_WHAT TO DO_
From the material below, reproduce exactly the stretch of lines that begins with the line holding "東方LostWord‐5.5周年感謝& #ロスワMV 合同キャンペーン" and ends with the line holding "0.3 | SMT | |||", skipping the pictures.

_SOURCE MATERIAL_
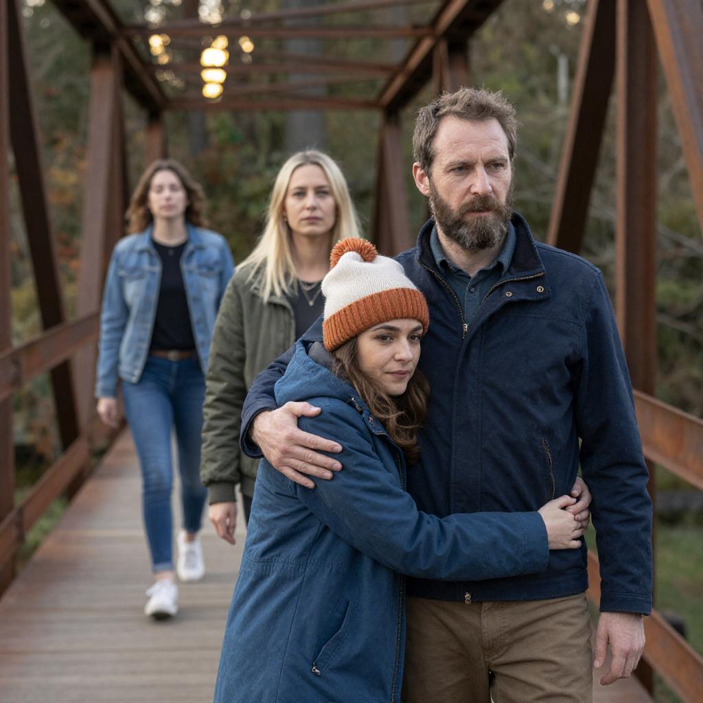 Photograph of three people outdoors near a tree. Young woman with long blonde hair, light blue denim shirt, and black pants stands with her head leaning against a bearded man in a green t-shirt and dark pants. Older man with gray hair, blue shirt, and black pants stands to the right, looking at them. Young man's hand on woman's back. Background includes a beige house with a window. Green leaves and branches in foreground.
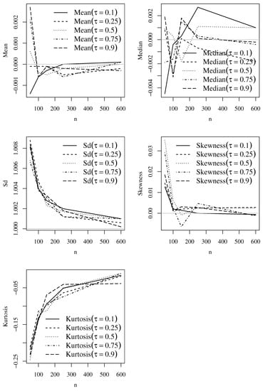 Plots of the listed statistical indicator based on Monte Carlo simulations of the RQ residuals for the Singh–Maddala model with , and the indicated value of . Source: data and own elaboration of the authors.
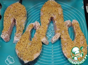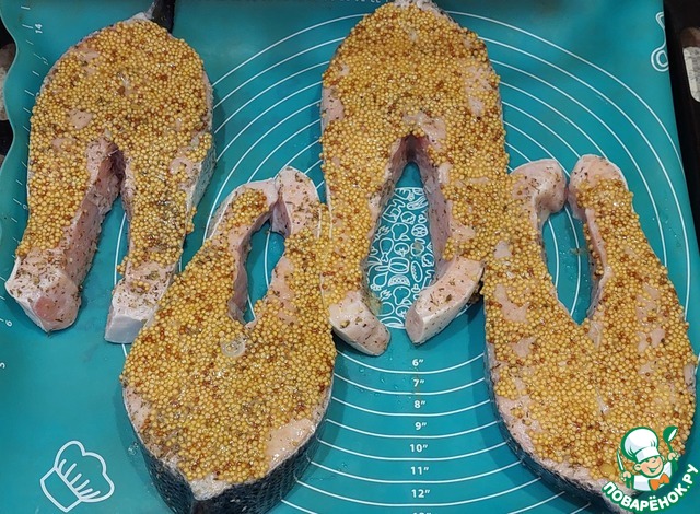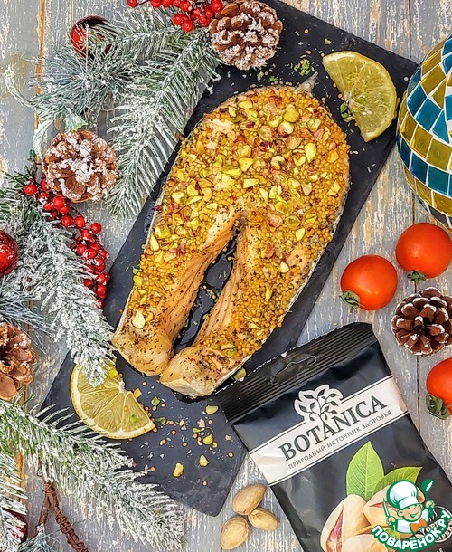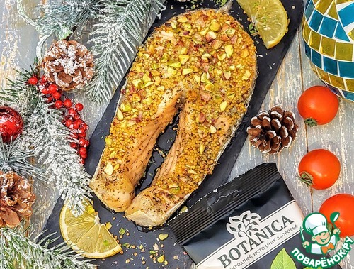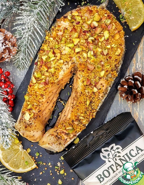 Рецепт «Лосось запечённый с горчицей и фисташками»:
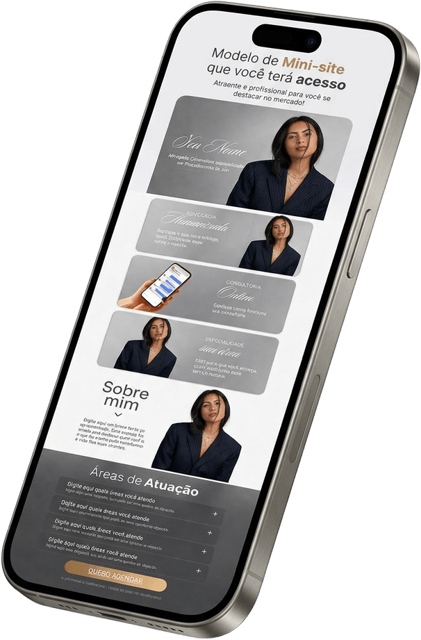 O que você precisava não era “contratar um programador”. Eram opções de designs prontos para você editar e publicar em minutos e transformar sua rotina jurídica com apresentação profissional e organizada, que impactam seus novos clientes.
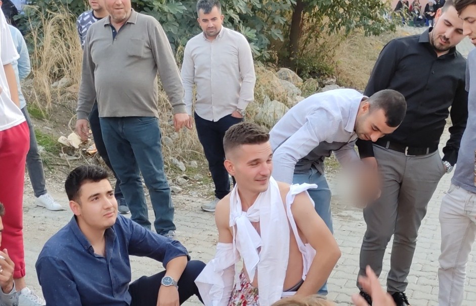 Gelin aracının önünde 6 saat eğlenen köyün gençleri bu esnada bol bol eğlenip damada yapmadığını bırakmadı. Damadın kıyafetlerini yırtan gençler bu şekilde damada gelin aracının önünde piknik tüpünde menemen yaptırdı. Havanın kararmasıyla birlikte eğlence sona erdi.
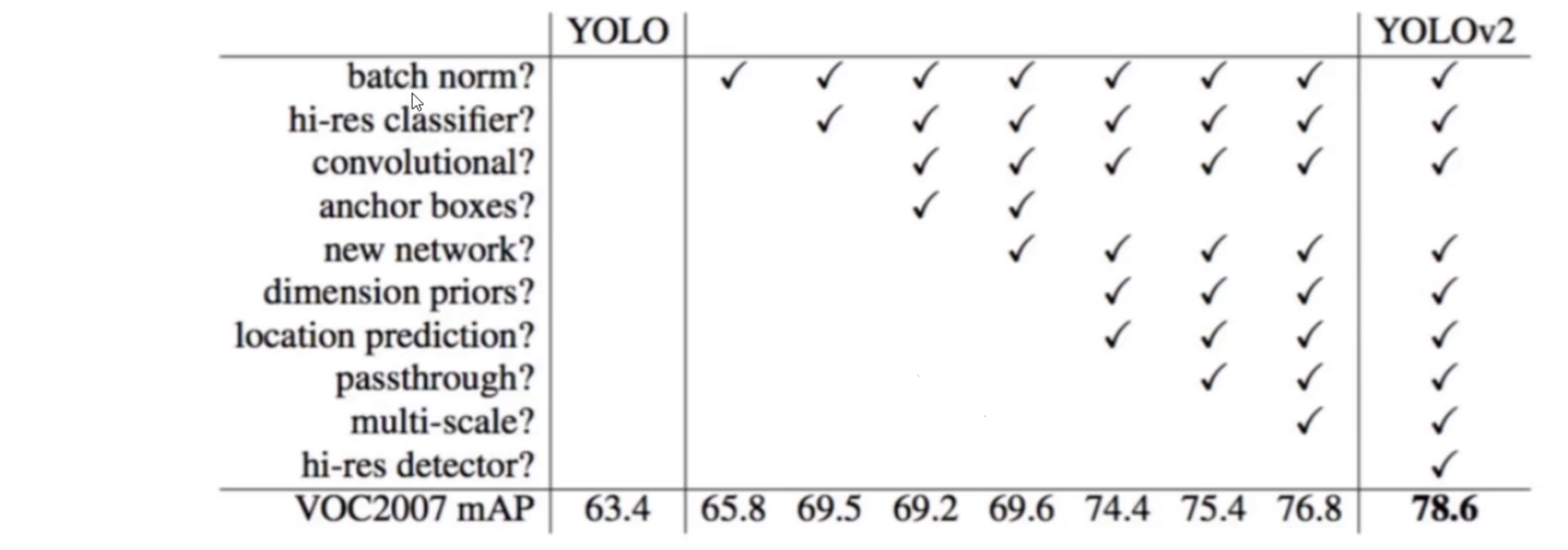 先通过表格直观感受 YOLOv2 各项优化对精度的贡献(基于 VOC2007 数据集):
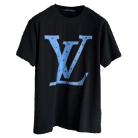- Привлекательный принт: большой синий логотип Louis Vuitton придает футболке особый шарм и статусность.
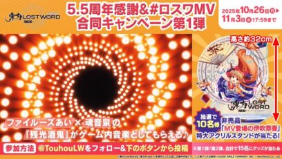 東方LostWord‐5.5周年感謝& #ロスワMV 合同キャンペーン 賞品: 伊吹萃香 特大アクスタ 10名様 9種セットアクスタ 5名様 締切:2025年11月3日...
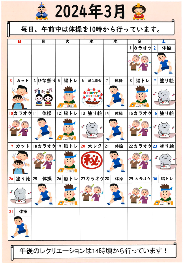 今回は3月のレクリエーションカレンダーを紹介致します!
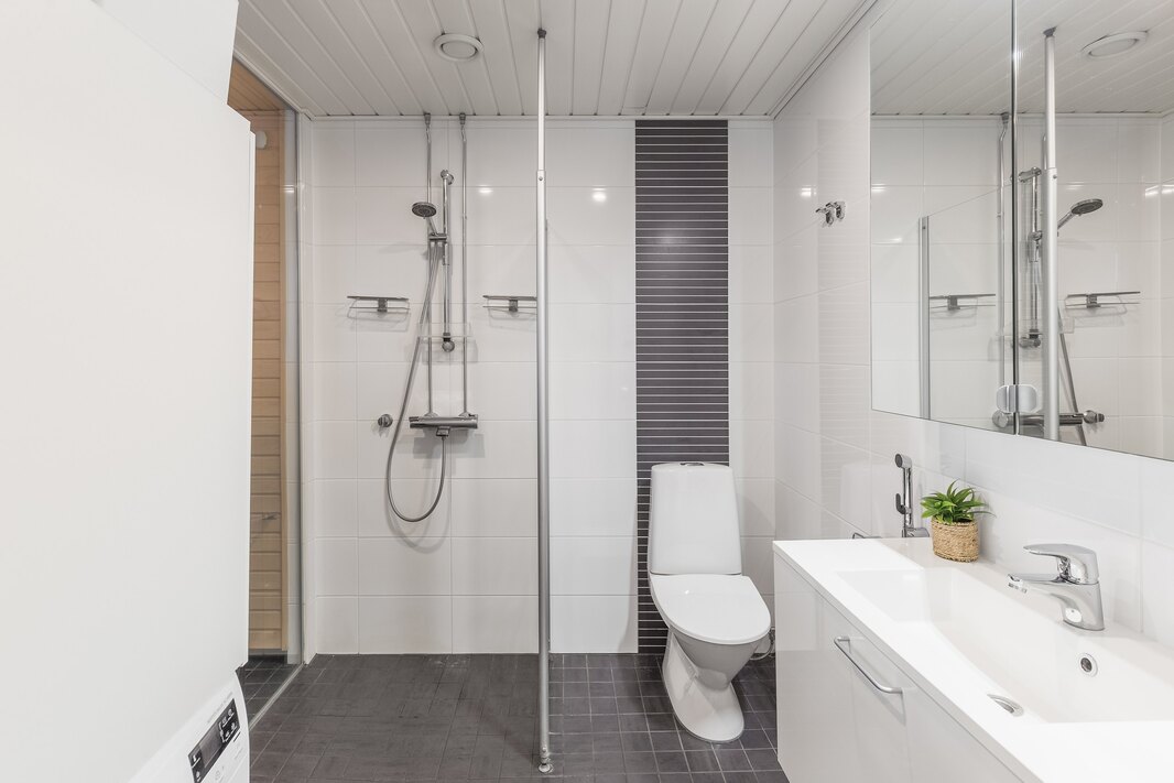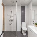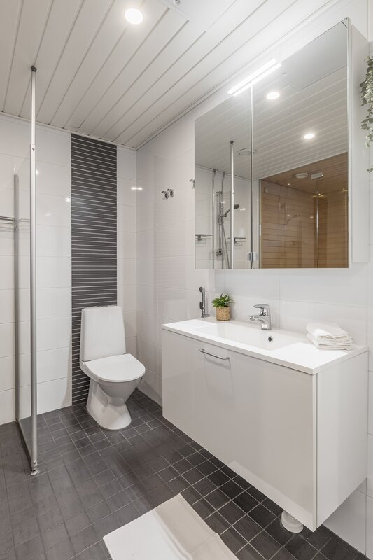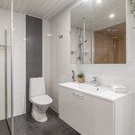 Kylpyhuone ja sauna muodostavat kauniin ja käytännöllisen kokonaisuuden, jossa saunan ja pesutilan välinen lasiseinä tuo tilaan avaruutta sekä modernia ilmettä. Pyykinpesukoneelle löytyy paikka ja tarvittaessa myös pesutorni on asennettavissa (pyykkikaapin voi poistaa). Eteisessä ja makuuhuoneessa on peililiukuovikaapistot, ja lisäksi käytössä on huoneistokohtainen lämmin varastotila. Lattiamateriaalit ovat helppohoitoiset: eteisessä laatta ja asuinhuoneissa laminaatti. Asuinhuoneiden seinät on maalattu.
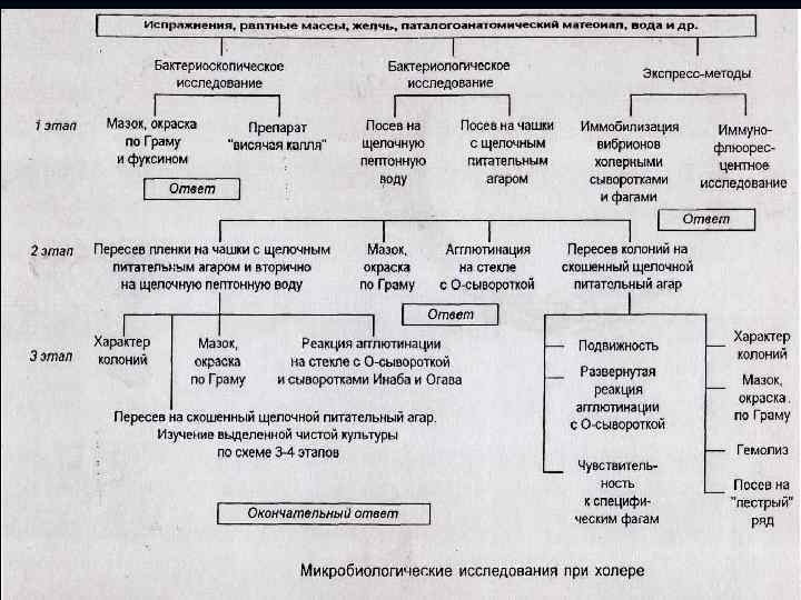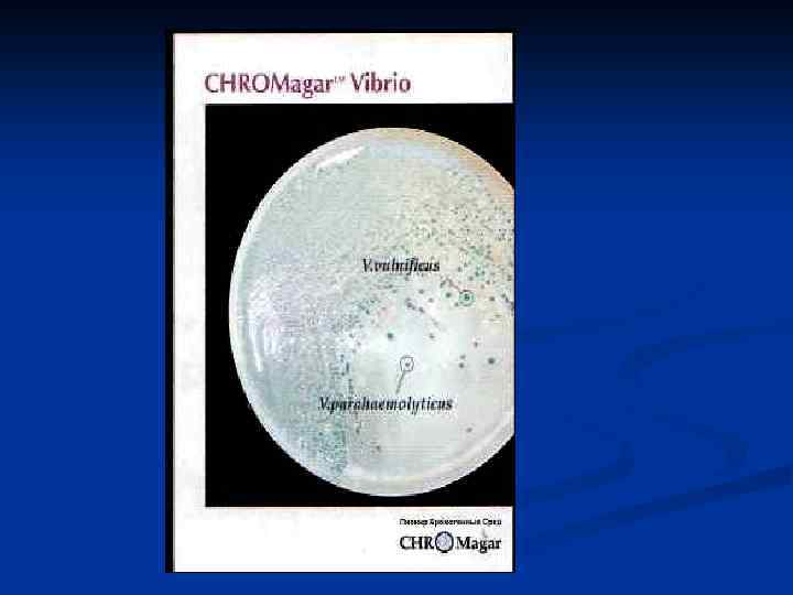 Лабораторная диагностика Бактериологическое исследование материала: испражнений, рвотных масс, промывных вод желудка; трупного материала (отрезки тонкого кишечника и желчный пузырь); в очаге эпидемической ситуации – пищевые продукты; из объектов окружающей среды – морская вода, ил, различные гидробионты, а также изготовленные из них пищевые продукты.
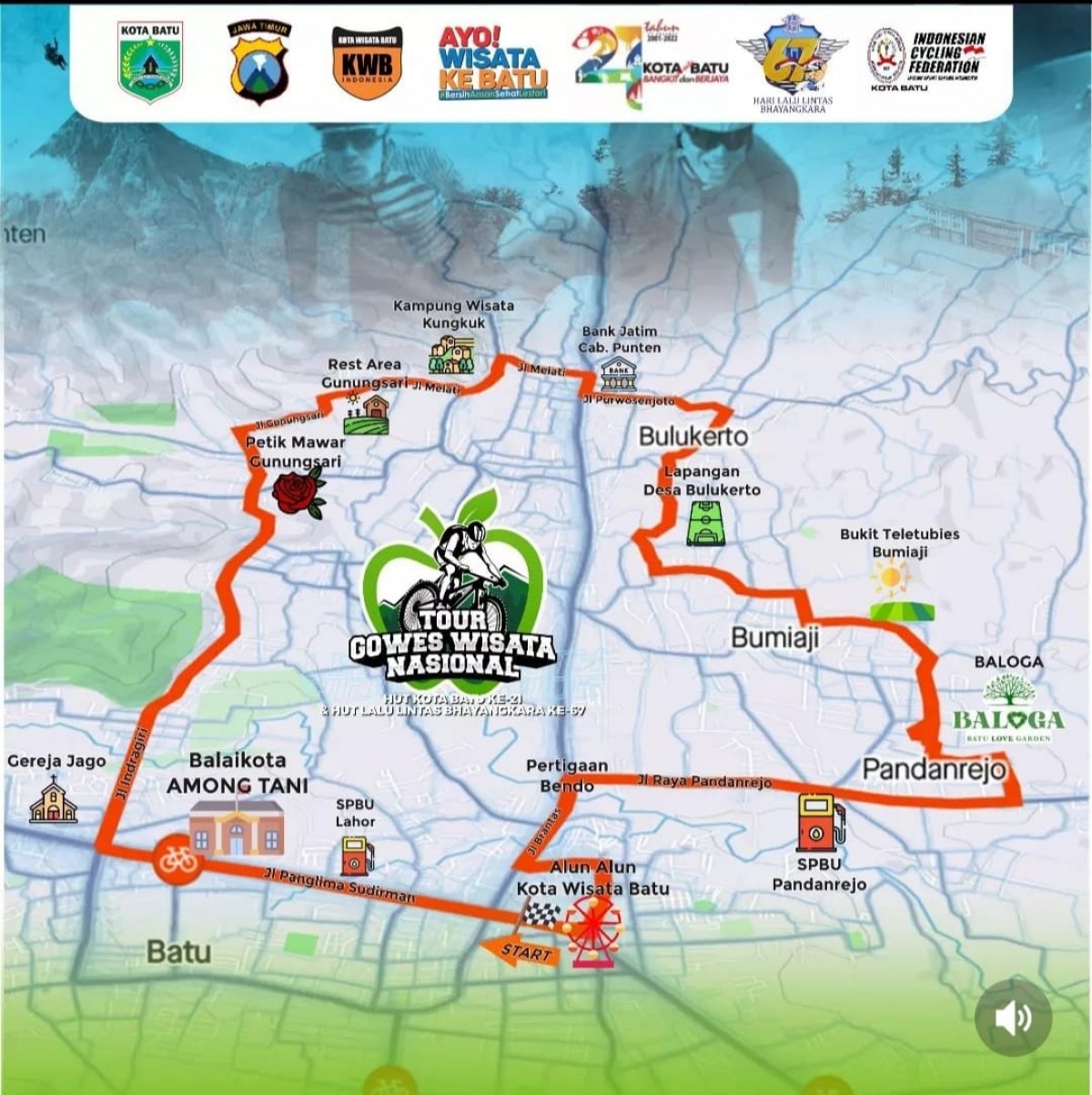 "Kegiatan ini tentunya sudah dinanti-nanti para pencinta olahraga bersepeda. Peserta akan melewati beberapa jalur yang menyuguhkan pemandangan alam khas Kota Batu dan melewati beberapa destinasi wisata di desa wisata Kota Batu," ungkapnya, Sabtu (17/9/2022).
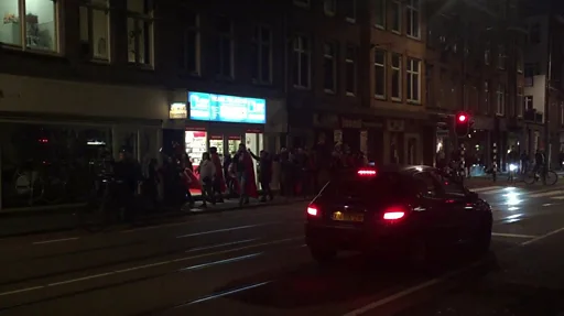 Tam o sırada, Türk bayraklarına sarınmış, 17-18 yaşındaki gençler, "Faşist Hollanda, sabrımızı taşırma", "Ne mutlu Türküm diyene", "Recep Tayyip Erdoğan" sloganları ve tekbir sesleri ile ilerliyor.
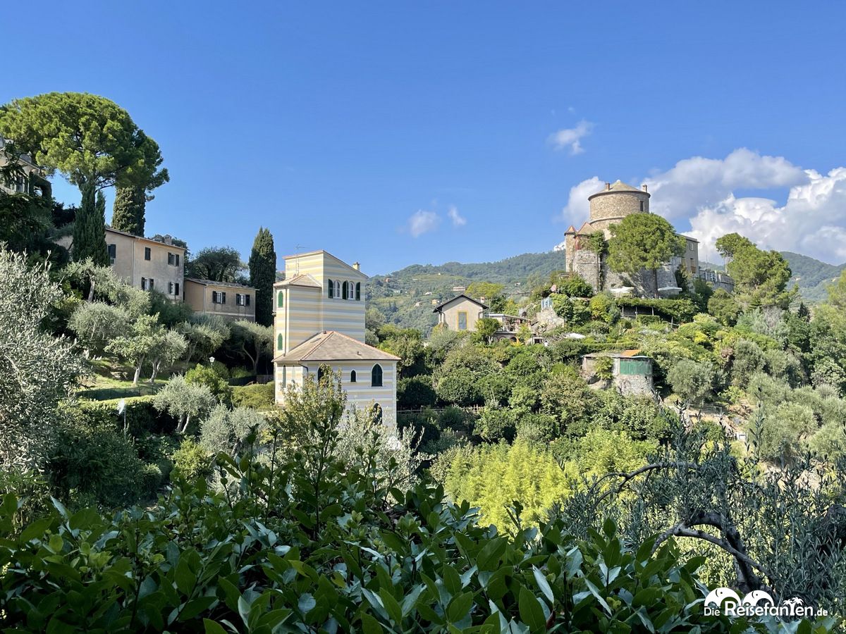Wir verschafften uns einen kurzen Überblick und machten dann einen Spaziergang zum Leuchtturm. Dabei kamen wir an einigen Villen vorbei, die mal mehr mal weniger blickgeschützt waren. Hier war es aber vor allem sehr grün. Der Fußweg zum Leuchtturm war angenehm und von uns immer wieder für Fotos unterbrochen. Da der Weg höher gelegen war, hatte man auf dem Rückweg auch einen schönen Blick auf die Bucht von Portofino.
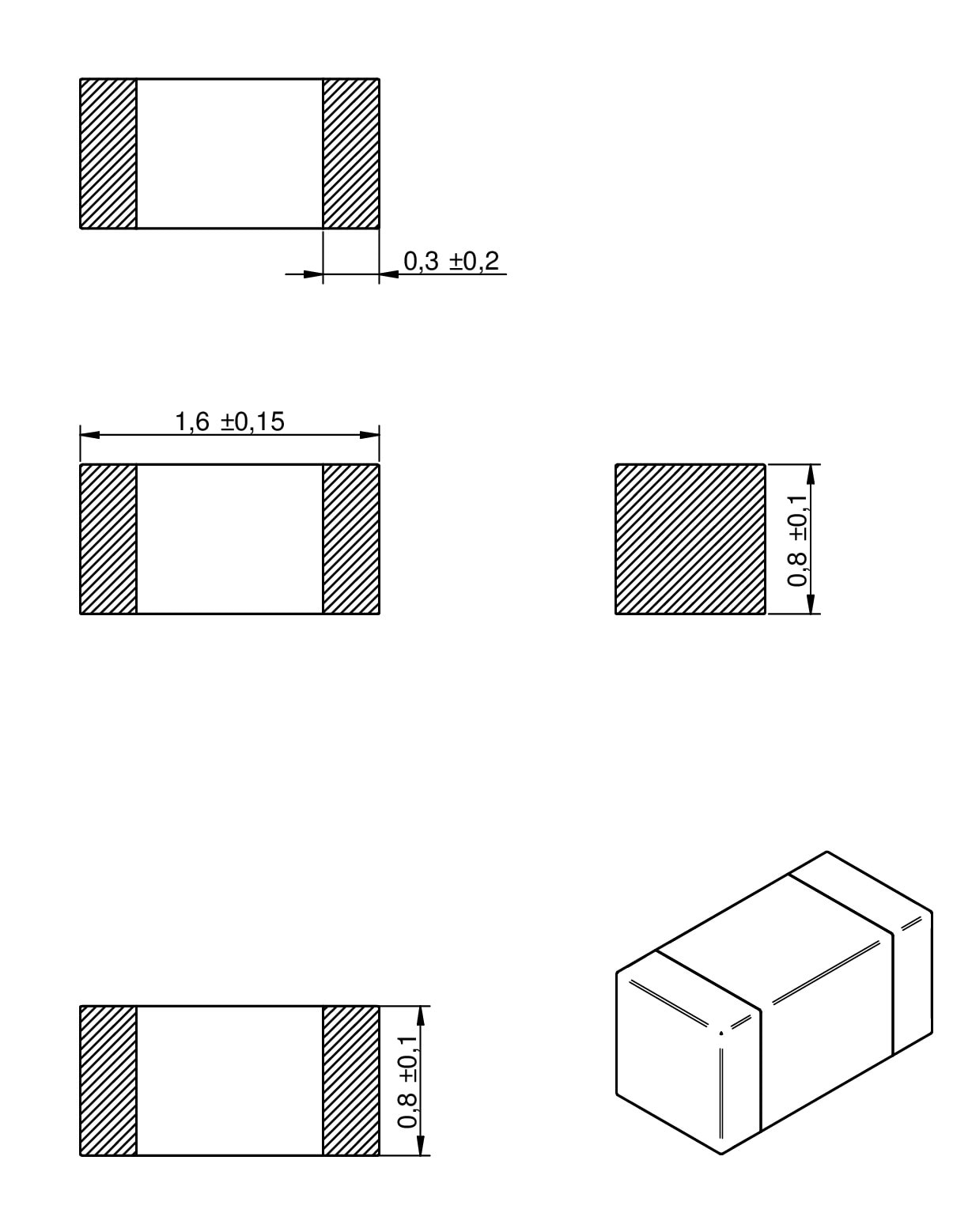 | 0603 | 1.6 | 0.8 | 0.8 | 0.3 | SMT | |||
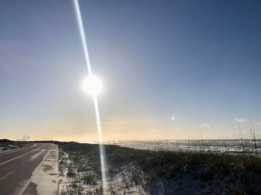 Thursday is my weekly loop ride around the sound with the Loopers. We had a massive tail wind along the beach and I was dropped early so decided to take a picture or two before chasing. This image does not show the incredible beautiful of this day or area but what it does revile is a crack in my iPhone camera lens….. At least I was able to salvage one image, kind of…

_RESPONSE TO THE TASK_
 東方LostWord‐5.5周年感謝& #ロスワMV 合同キャンペーン 賞品: 伊吹萃香 特大アクスタ 10名様 9種セットアクスタ 5名様 締切:2025年11月3日...
 今回は3月のレクリエーションカレンダーを紹介致します!
 Kylpyhuone ja sauna muodostavat kauniin ja käytännöllisen kokonaisuuden, jossa saunan ja pesutilan välinen lasiseinä tuo tilaan avaruutta sekä modernia ilmettä. Pyykinpesukoneelle löytyy paikka ja tarvittaessa myös pesutorni on asennettavissa (pyykkikaapin voi poistaa). Eteisessä ja makuuhuoneessa on peililiukuovikaapistot, ja lisäksi käytössä on huoneistokohtainen lämmin varastotila. Lattiamateriaalit ovat helppohoitoiset: eteisessä laatta ja asuinhuoneissa laminaatti. Asuinhuoneiden seinät on maalattu.
 Лабораторная диагностика Бактериологическое исследование материала: испражнений, рвотных масс, промывных вод желудка; трупного материала (отрезки тонкого кишечника и желчный пузырь); в очаге эпидемической ситуации – пищевые продукты; из объектов окружающей среды – морская вода, ил, различные гидробионты, а также изготовленные из них пищевые продукты.
 "Kegiatan ini tentunya sudah dinanti-nanti para pencinta olahraga bersepeda. Peserta akan melewati beberapa jalur yang menyuguhkan pemandangan alam khas Kota Batu dan melewati beberapa destinasi wisata di desa wisata Kota Batu," ungkapnya, Sabtu (17/9/2022).
 Tam o sırada, Türk bayraklarına sarınmış, 17-18 yaşındaki gençler, "Faşist Hollanda, sabrımızı taşırma", "Ne mutlu Türküm diyene", "Recep Tayyip Erdoğan" sloganları ve tekbir sesleri ile ilerliyor.
Wir verschafften uns einen kurzen Überblick und machten dann einen Spaziergang zum Leuchtturm. Dabei kamen wir an einigen Villen vorbei, die mal mehr mal weniger blickgeschützt waren. Hier war es aber vor allem sehr grün. Der Fußweg zum Leuchtturm war angenehm und von uns immer wieder für Fotos unterbrochen. Da der Weg höher gelegen war, hatte man auf dem Rückweg auch einen schönen Blick auf die Bucht von Portofino.
 | 0603 | 1.6 | 0.8 | 0.8 | 0.3 | SMT | |||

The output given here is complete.